* [Description of the task]:
Your task is to restate every entry below word for word and omit the images.

Dataset excerpts
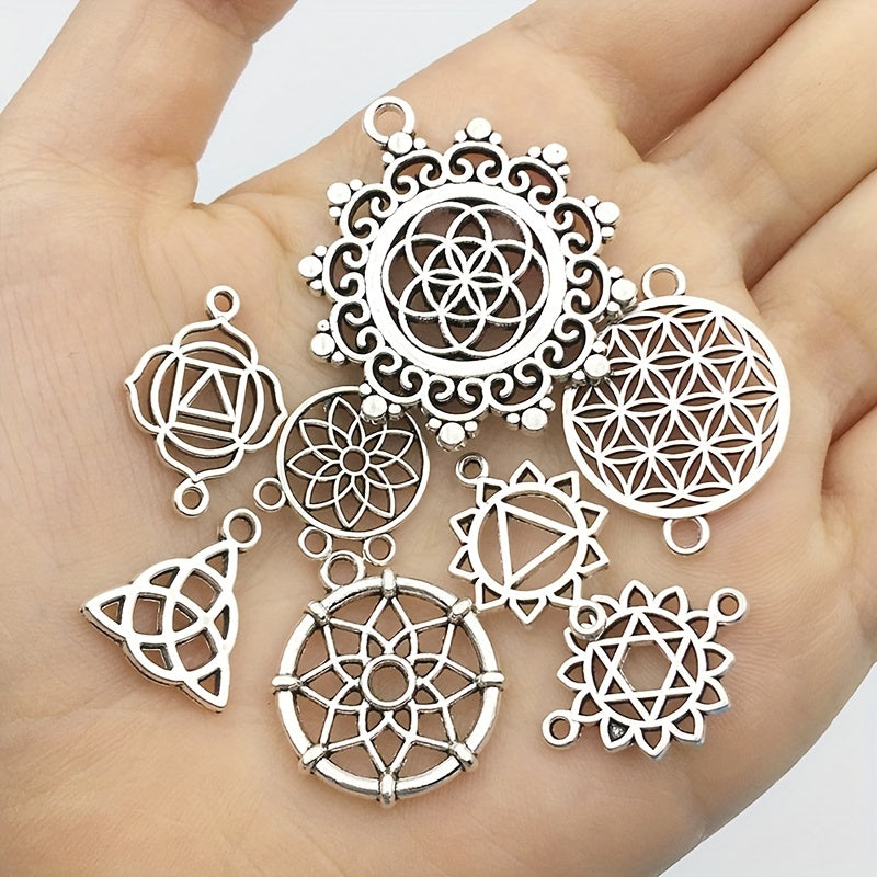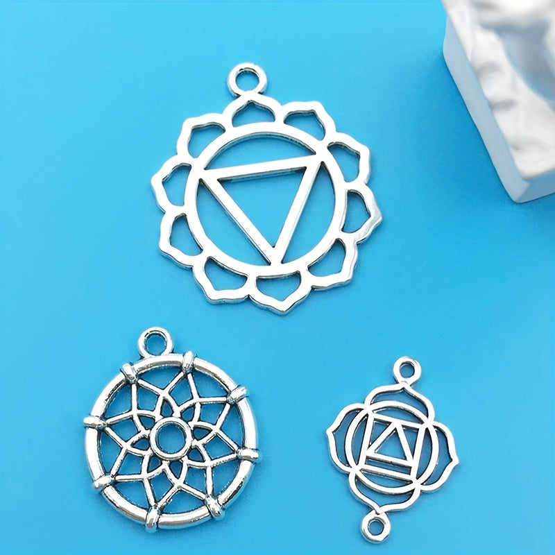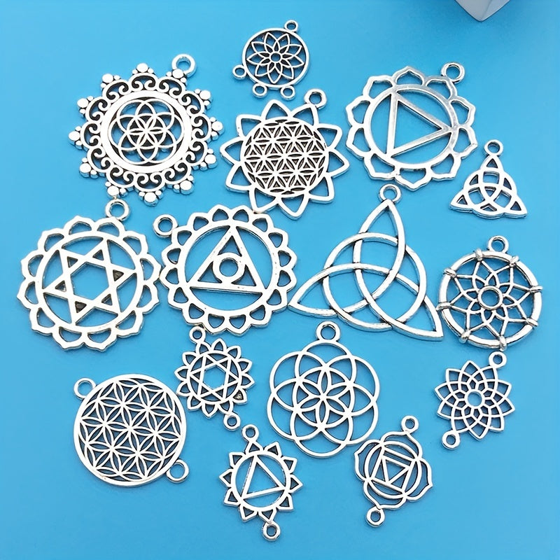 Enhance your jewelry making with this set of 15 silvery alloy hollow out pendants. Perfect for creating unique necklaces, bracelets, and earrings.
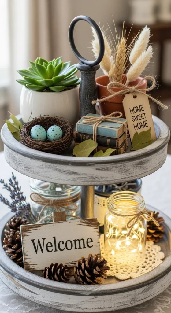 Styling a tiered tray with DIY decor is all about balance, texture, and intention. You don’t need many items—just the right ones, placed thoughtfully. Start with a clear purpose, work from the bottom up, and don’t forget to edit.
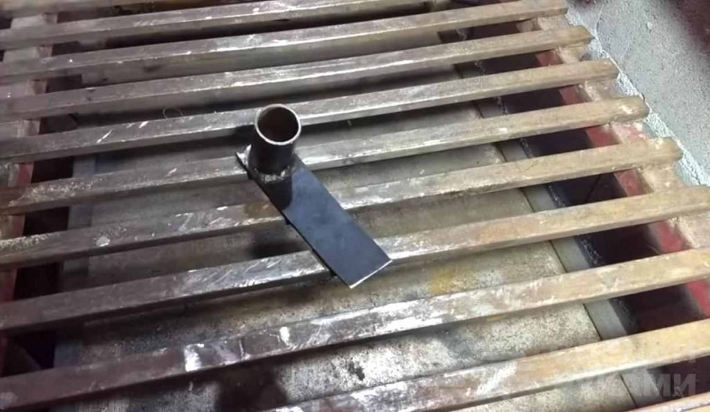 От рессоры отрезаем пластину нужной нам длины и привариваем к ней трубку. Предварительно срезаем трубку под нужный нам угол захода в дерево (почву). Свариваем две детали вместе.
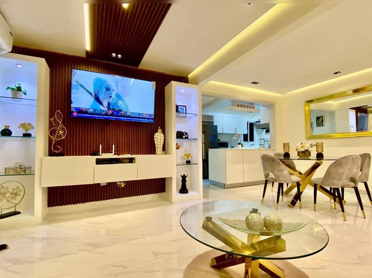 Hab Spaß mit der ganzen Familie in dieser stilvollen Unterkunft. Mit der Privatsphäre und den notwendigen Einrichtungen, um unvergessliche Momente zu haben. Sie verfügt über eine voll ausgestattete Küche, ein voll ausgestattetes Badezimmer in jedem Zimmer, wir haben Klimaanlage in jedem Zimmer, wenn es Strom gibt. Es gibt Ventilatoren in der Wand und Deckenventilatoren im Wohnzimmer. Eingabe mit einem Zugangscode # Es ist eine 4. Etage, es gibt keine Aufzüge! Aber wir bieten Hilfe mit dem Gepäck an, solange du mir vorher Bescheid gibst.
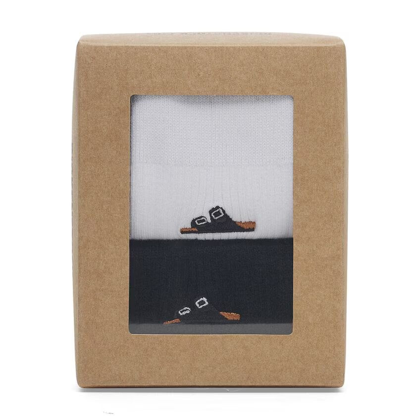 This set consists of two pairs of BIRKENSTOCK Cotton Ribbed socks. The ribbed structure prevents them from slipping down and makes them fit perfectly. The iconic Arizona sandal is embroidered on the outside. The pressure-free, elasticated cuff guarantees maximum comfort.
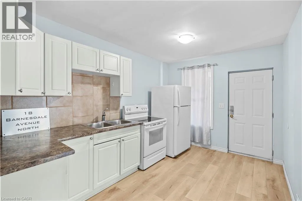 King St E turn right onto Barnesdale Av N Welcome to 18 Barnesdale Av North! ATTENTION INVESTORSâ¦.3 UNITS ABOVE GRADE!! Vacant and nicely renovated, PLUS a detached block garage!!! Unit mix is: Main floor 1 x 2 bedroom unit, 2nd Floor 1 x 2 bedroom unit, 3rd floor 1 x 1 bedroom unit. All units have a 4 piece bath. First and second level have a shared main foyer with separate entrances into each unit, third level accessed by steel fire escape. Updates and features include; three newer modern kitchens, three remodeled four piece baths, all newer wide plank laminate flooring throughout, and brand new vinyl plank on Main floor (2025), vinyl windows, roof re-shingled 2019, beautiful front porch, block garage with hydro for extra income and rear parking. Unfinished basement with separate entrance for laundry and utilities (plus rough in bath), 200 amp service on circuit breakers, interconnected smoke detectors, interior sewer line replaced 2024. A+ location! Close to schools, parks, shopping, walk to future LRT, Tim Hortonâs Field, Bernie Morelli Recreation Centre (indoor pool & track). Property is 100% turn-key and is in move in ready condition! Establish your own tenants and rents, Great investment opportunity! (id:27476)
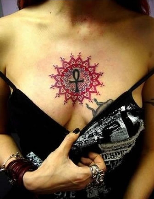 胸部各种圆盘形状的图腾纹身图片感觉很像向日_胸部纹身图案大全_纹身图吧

* [Reply to the exercise]:
 Enhance your jewelry making with this set of 15 silvery alloy hollow out pendants. Perfect for creating unique necklaces, bracelets, and earrings.
 Styling a tiered tray with DIY decor is all about balance, texture, and intention. You don’t need many items—just the right ones, placed thoughtfully. Start with a clear purpose, work from the bottom up, and don’t forget to edit.
 От рессоры отрезаем пластину нужной нам длины и привариваем к ней трубку. Предварительно срезаем трубку под нужный нам угол захода в дерево (почву). Свариваем две детали вместе.
 Hab Spaß mit der ganzen Familie in dieser stilvollen Unterkunft. Mit der Privatsphäre und den notwendigen Einrichtungen, um unvergessliche Momente zu haben. Sie verfügt über eine voll ausgestattete Küche, ein voll ausgestattetes Badezimmer in jedem Zimmer, wir haben Klimaanlage in jedem Zimmer, wenn es Strom gibt. Es gibt Ventilatoren in der Wand und Deckenventilatoren im Wohnzimmer. Eingabe mit einem Zugangscode # Es ist eine 4. Etage, es gibt keine Aufzüge! Aber wir bieten Hilfe mit dem Gepäck an, solange du mir vorher Bescheid gibst.
 This set consists of two pairs of BIRKENSTOCK Cotton Ribbed socks. The ribbed structure prevents them from slipping down and makes them fit perfectly. The iconic Arizona sandal is embroidered on the outside. The pressure-free, elasticated cuff guarantees maximum comfort.
 King St E turn right onto Barnesdale Av N Welcome to 18 Barnesdale Av North! ATTENTION INVESTORSâ¦.3 UNITS ABOVE GRADE!! Vacant and nicely renovated, PLUS a detached block garage!!! Unit mix is: Main floor 1 x 2 bedroom unit, 2nd Floor 1 x 2 bedroom unit, 3rd floor 1 x 1 bedroom unit. All units have a 4 piece bath. First and second level have a shared main foyer with separate entrances into each unit, third level accessed by steel fire escape. Updates and features include; three newer modern kitchens, three remodeled four piece baths, all newer wide plank laminate flooring throughout, and brand new vinyl plank on Main floor (2025), vinyl windows, roof re-shingled 2019, beautiful front porch, block garage with hydro for extra income and rear parking. Unfinished basement with separate entrance for laundry and utilities (plus rough in bath), 200 amp service on circuit breakers, interconnected smoke detectors, interior sewer line replaced 2024. A+ location! Close to schools, parks, shopping, walk to future LRT, Tim Hortonâs Field, Bernie Morelli Recreation Centre (indoor pool & track). Property is 100% turn-key and is in move in ready condition! Establish your own tenants and rents, Great investment opportunity! (id:27476)
 胸部各种圆盘形状的图腾纹身图片感觉很像向日_胸部纹身图案大全_纹身图吧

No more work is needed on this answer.